A few minutes later, Shay emerges from below, and I’m not embarrassed to admit I need to pick my jaw up from the deck. While he’s wearing long board shorts, he’s shirtless. My instincts were right.
The man has a killer bod.
Broad, well-muscled shoulders, but not too wide. I could discern that through his clothes.
His corded biceps flex as he pushes himself on the railing of the steps, and I swallow.
Good-googa-mooga.
His wide shoulders taper into a narrow waist. I’m not sure if it’s a six-pack or eight. I’ll count later when he’s closer. Whatever the tally, I’m positive I’ll be able to bounce a quarter off his abs.
I won’t waste time doing that, though, with other more enjoyable activities I could do with a naked Shay.
I take a sip of beer and pull out my camera, pretending to take pictures of the sea and sky.
Shay strays into a few of the shots. Accidentally, of course. The photos could go a long way in keeping a girl warm on a cold Carolina night in January.
Ed calls out, “Who’s snorkeling today?” I snap out of my daydream and pay attention as much as I can with the distraction of Shay one thin garment shy of naked.
I went snorkeling once at Discovery Cove in Orlando ten years ago, so a refresher will help.
“Ladies and gents, please put any belongings you want to keep safe in the locker right here.” He points at Shay. “Please turn your attention to this strapping lad. Handsome boy, right?”
A woman at the end of the bench, who appears to be in her mid-thirties, whistles and calls out, “You got that right!”
She’s one of the ladies with a chest as large as mine.
I’d never wanted to punch anyone ever until today. This is crazy.
Ed laughs and says, “Must take after his father. That would be me!” His joking elicits hearty laughter from the passengers. “I’ll turn it over to him. Son.”

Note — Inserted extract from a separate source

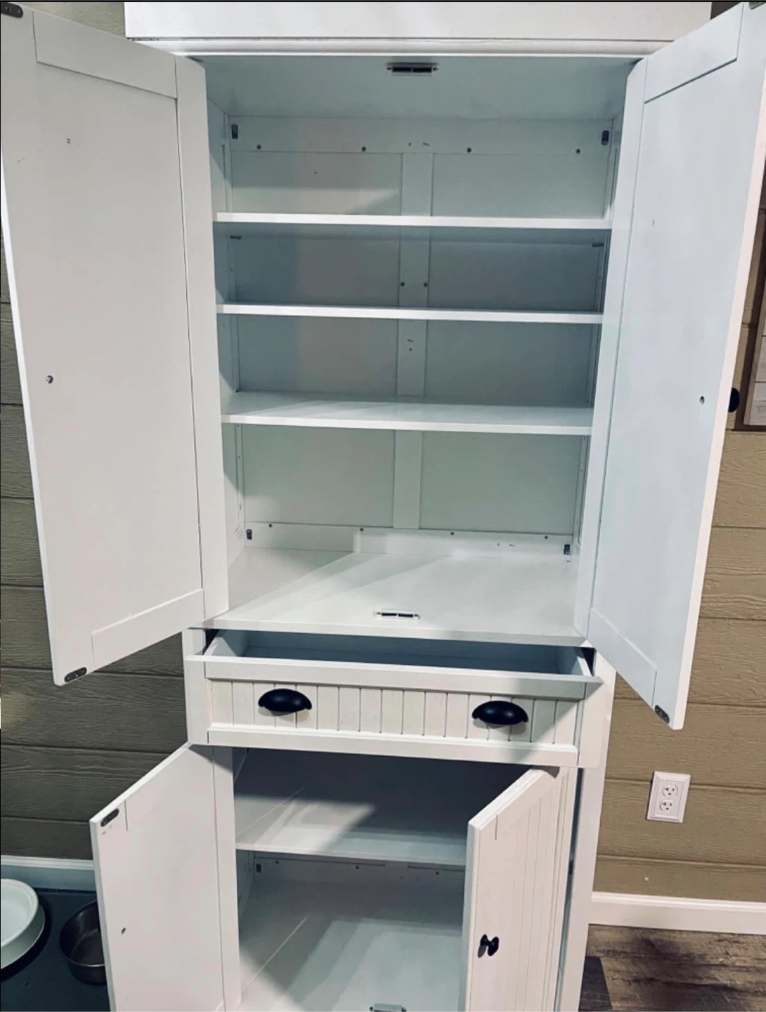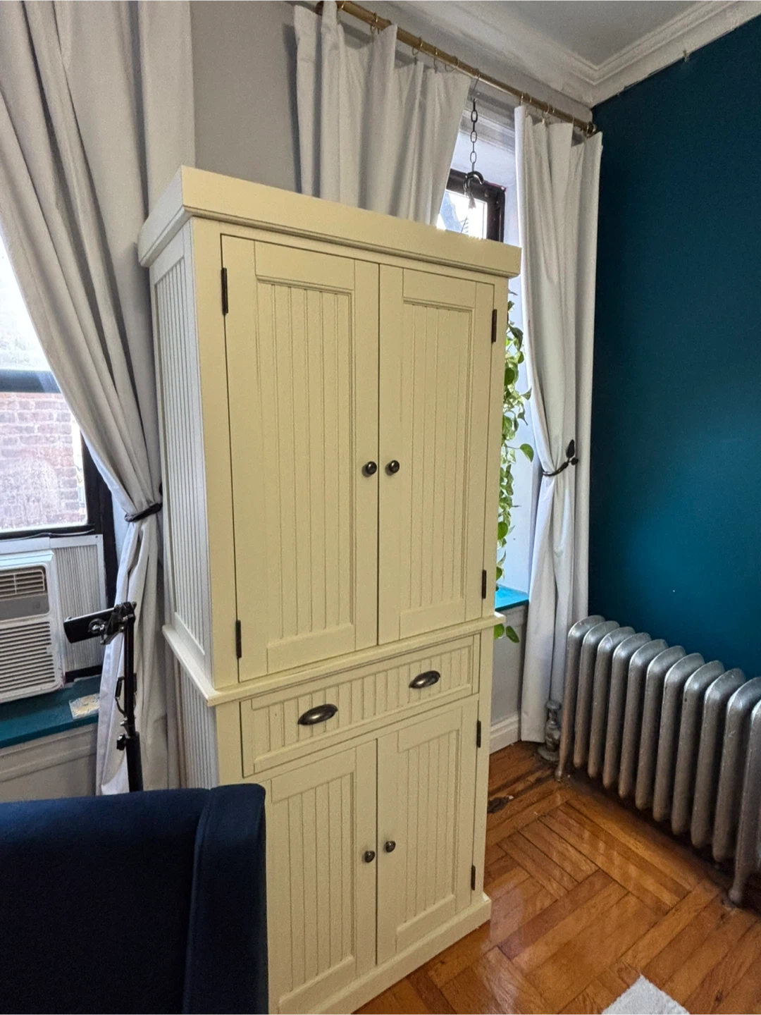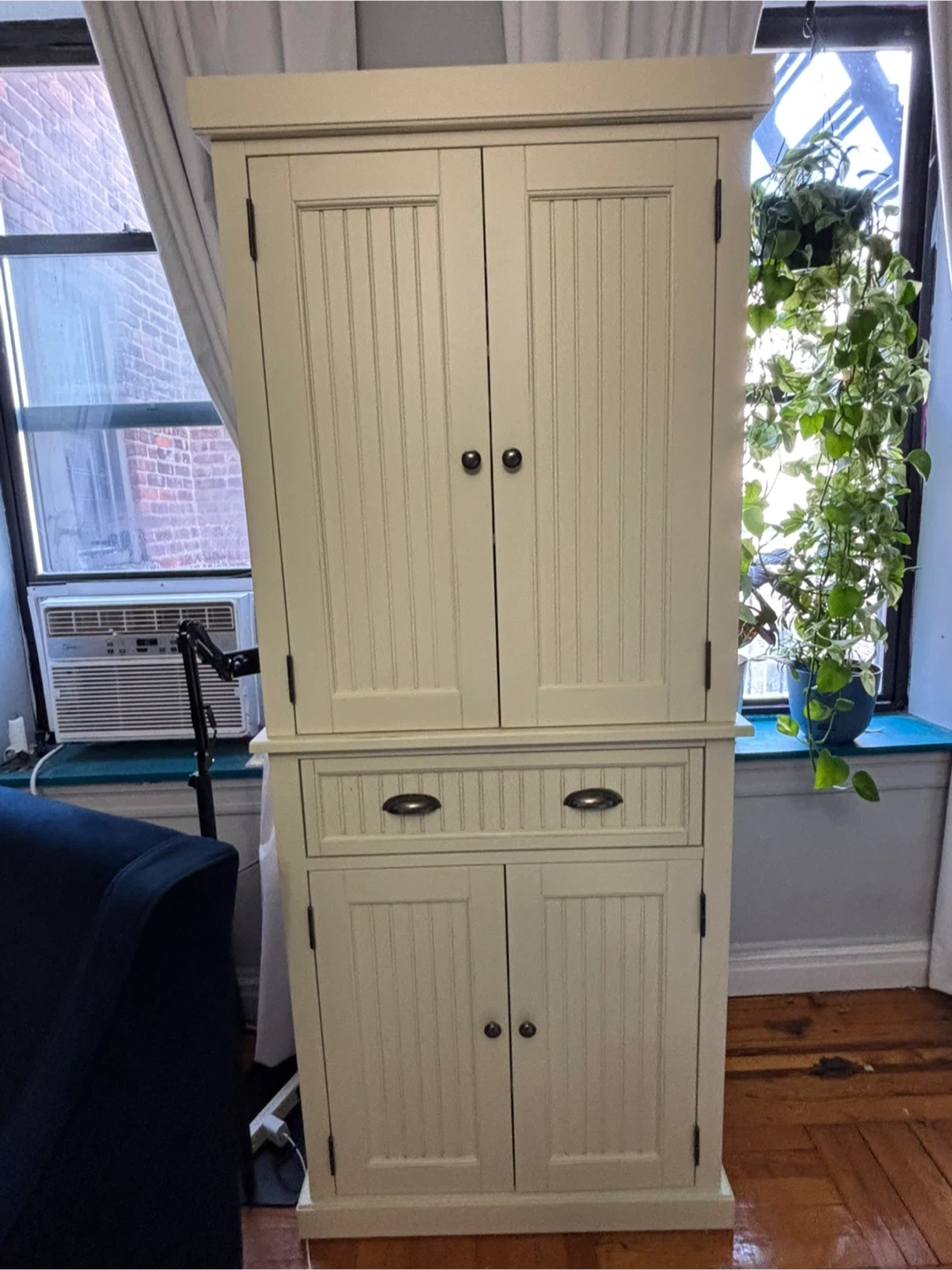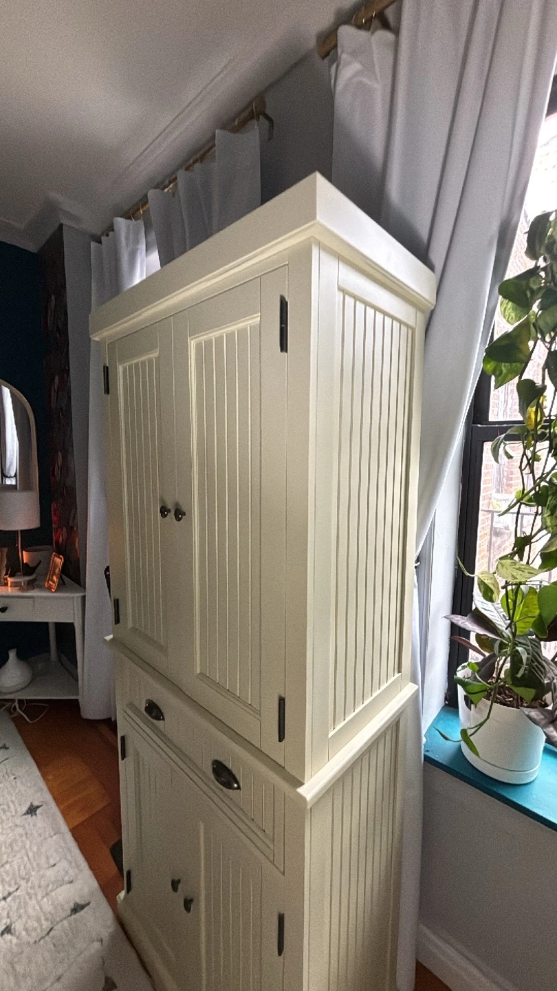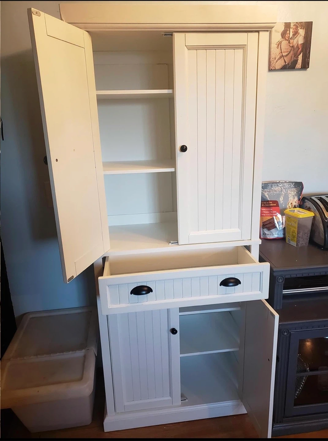 This tall white storage cabinet offers ample shelving behind double doors. It features a drawer and a lower cabinet with more shelving. It's a versatile piece for organizing any room! If transporting, it is a challenge, I am more than happy to disassemble for easy transport.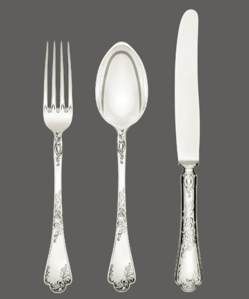 With a plethora of high-profile commissions, the work of Jarosinski & Vaugoin can be found in palaces, embassies, yachts, private jets, and prestigious private residences. Eager to accommodate requests, Vaugoin can customize and personize most items to your desired specifications. Kindly contact us to obtain size and shape specifications for individual pieces. All patterns can be produced with gold plating. There are over two hundred active patterns, each with more than 150 cutlery and serving pieces— simply unmatched by any other silver studio.

“For those of you who’ve never been snorkeling, the basics: these are the fins, this is the mask, and this is the snorkel.” Shay holds up each one to demonstrate.
“Fins are based on your shoe size, so get the right one.”
“Yours are big. Is it true about guys with enormous feet?”
Grrrr.
The obnoxious woman is making me see red.
Shay laughs but doesn’t respond. “To keep the mask from fogging, you’ll need to do something kinda gross. When you’re out in the water and ready to go under, do this.”
He pretends to spit into his mask and rub the spit on the lens.
He slips on the mask and snorkel.
Ed continues, “Ye mostly want to keep the snorkel above the water line. But if ye do go under, don’t breathe in, or ye’ll get a mouthful of seawater. Or whatever else the folks I brought out earlier left behind.”
The collective response from the passengers varies from “ewwwwww” to knowing laughs, because everyone here has likely peed in the ocean before, or worse.
“Okay everyone, gather round and gear up.” Shay slips his mask off and helps the passengers get their masks and air tubes set.
A particular person requires loads of attention. The whistler.
Ugh.
Once she finishes rubbing herself on Shay at every possible opportunity while he helps her, I saunter to him and bat my eyelashes, rubbing his shoulders. “Excuse me, hot young man. I can’t get this strappy-thingy on my mask adjusted. Can you pleeeeaaase help me?” I coo.
One side of his mouth pulls up in a half-smile.
“Huh. That’s what I need in my life, another smart-mouth. A family full of ‘em isn’t enough.” He snatches my mask in mock anger, and I continue to flutter my eyelashes and giggle as I throw my head back.
Shay’s checking me out again, and his eyes keep returning to my torso.
He blinks as though in awe.
They are impressive. His is a natural response.